It’s a quiet Friday morning, and I find myself curled up on the couch with our favorite brown fluffy blanket, watching snowflakes out the window. The heater working busily in the background to make up for the freezing temps outside…. It’s a reflection kind of a morning and I find my mind drifting back over snippets of conversations, pieces of books read, and sermons heard… A question lingering in my mind after a recent sermon:
Do you live in open desperation? or in hidden perfection? Do you realize your desperate state for the Lord and realize that with others? Or do you live this life in a pursuit of being perfect, appearing perfect, thinking if only I could be ______. What are you desperate for? Perfection? or Christ?
Unfortunately I find myself often in pursuit of the next thing to perfect me or to do perfectly. My focus seems to be less about growing, changing, renewing, and more about being better, getting “it” right, achieving “it” without flaw. Realizing of course that desiring growth and change is not a bad thing, but to allow it to become a pursuit of perfection implies the belief that you can “arrive” and if you can just get there, all will be right in the world, because you will be doing everything right!

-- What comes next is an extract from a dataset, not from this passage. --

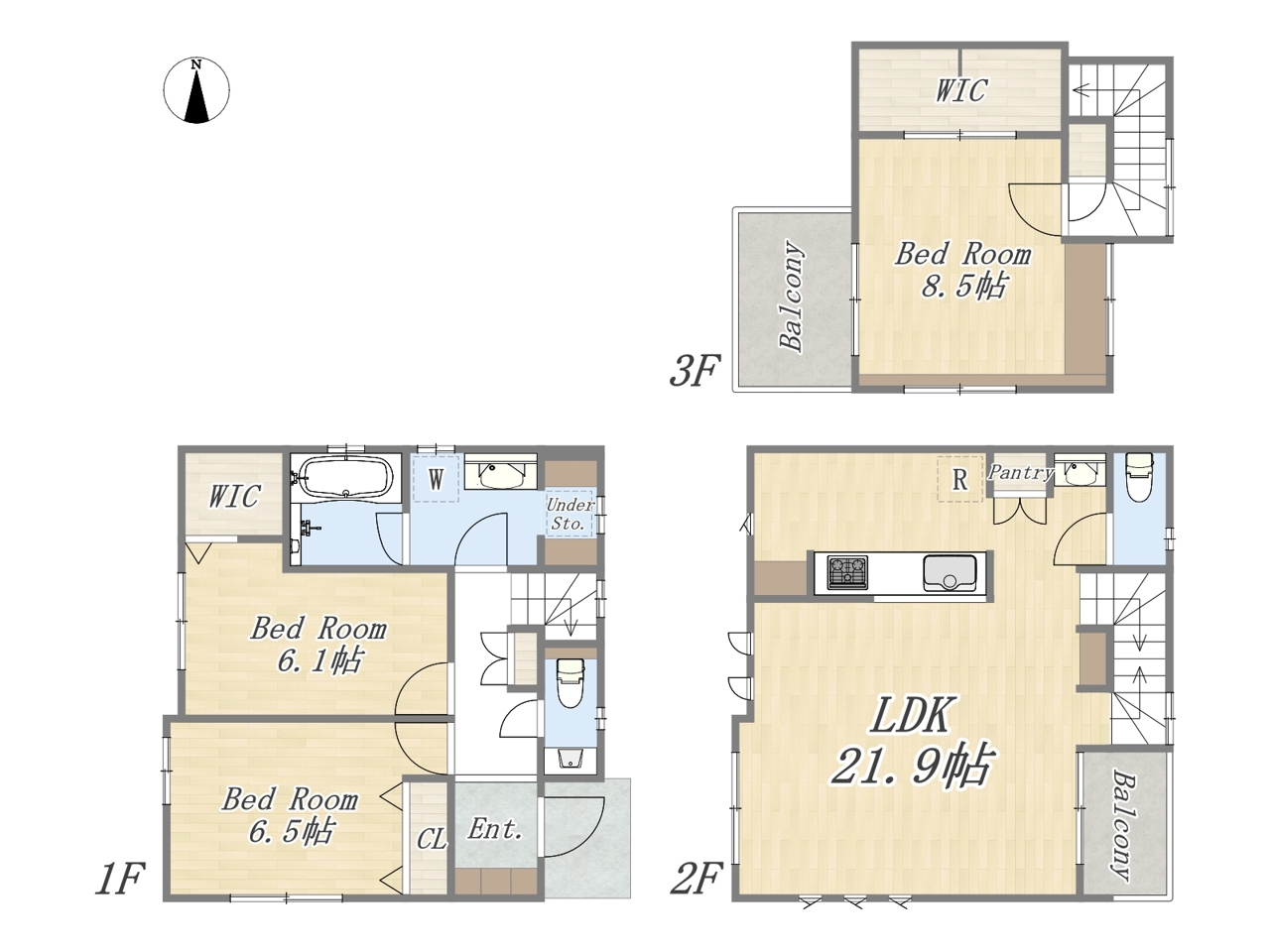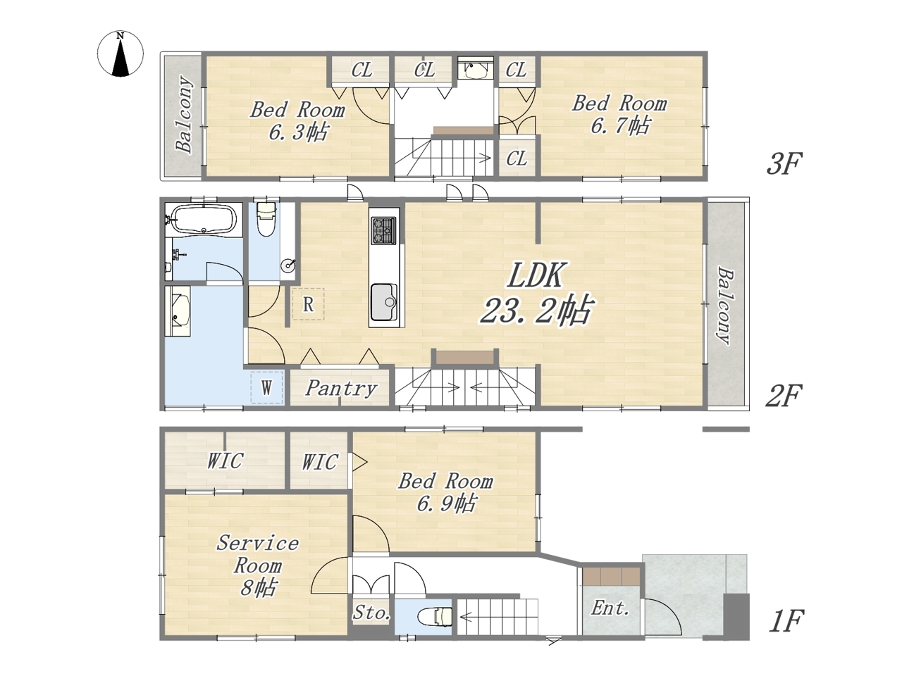 | 間取 | 3SLDK+2WIC+Pantry+カースペース | ||

But that is not reality. Neither the possibility of achieving perfection nor the idealistic view that all will be right. Even if you were to be perfect somehow, there would still be sin in the world and sinners living it out. Christ was perfect, yet he was hurt, abused, ridiculed, attacked. He felt hungry, angry, tired. Ultimately perfection in and of itself holds no significant value in our lives. In fact for us it’s main purpose seems to serve pride. Christ handled it with all humility, He didn’t achieve it though, it simply was who He was, as God. But for us, what is our motivation? Equality with God?
Perfection, being perfect, having perfect circumstances, is a false positive in our earthly lives, something we attach our joy to, thinking if only we had “that,” life would be good. But that’s false, a lie; life is what is happening here and now, before us, and if we waste away waiting for the false positives in our lives to be fulfilled, we will miss it. Joy and satisfaction are freely available to us now, today, in these circumstances, with this imperfect self. The beauty and wonder of life is found in the raw, daily, unexpected moments. Our very imperfections make room for real connections, community, freedom, grace, joy, because we are rooted and grounded in Christ, declared to be worthy in his eyes.
These are the thoughts chasing through my mind today…. I don’t want to live a life in pursuit of perfection; I want to live in pursuit of Christ. Openly desperate for him, in all of my imperfections.